* WORK ORDER *
The lines to repeat are those below from the one containing "運彩單場 歐力士 vs 火腿" down to the one containing "1-комн. квартира с", both included; reproduce them exactly and nothing else.

* DATA PROVIDED *
■ ■ ■
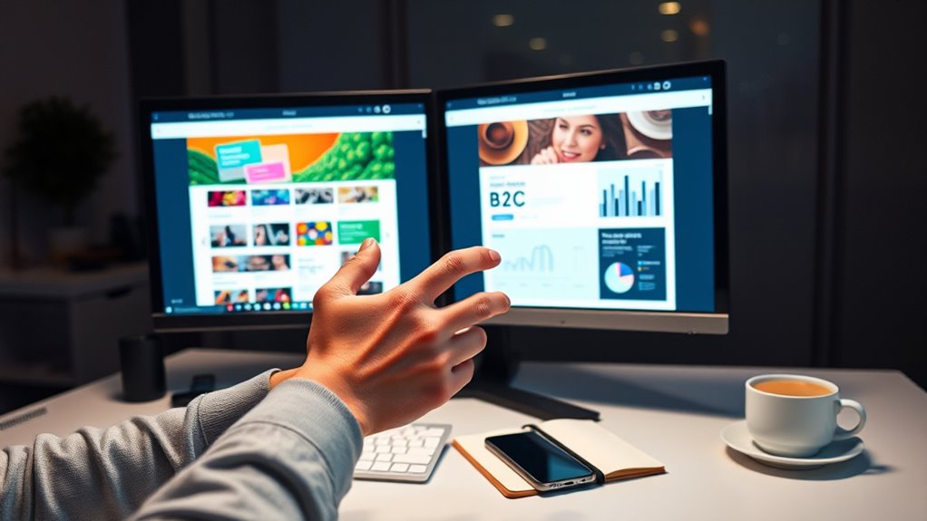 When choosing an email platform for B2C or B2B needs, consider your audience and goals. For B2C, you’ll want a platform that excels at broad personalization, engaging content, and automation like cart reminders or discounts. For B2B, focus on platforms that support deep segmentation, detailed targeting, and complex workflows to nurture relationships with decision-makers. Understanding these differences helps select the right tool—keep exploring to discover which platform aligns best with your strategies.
■ ■ ■
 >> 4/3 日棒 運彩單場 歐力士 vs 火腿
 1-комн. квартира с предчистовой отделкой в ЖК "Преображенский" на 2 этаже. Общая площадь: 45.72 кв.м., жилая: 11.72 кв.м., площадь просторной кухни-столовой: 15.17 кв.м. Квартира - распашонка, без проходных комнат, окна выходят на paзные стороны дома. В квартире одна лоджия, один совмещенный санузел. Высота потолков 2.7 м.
■ ■ ■
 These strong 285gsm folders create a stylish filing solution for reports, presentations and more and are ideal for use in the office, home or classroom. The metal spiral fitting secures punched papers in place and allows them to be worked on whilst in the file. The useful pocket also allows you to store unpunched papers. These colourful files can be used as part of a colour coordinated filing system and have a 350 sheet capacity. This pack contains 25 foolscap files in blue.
■ ■ ■
* RESPONSE AREA *
 >> 4/3 日棒 運彩單場 歐力士 vs 火腿
 1-комн. квартира с предчистовой отделкой в ЖК "Преображенский" на 2 этаже. Общая площадь: 45.72 кв.м., жилая: 11.72 кв.м., площадь просторной кухни-столовой: 15.17 кв.м. Квартира - распашонка, без проходных комнат, окна выходят на paзные стороны дома. В квартире одна лоджия, один совмещенный санузел. Высота потолков 2.7 м.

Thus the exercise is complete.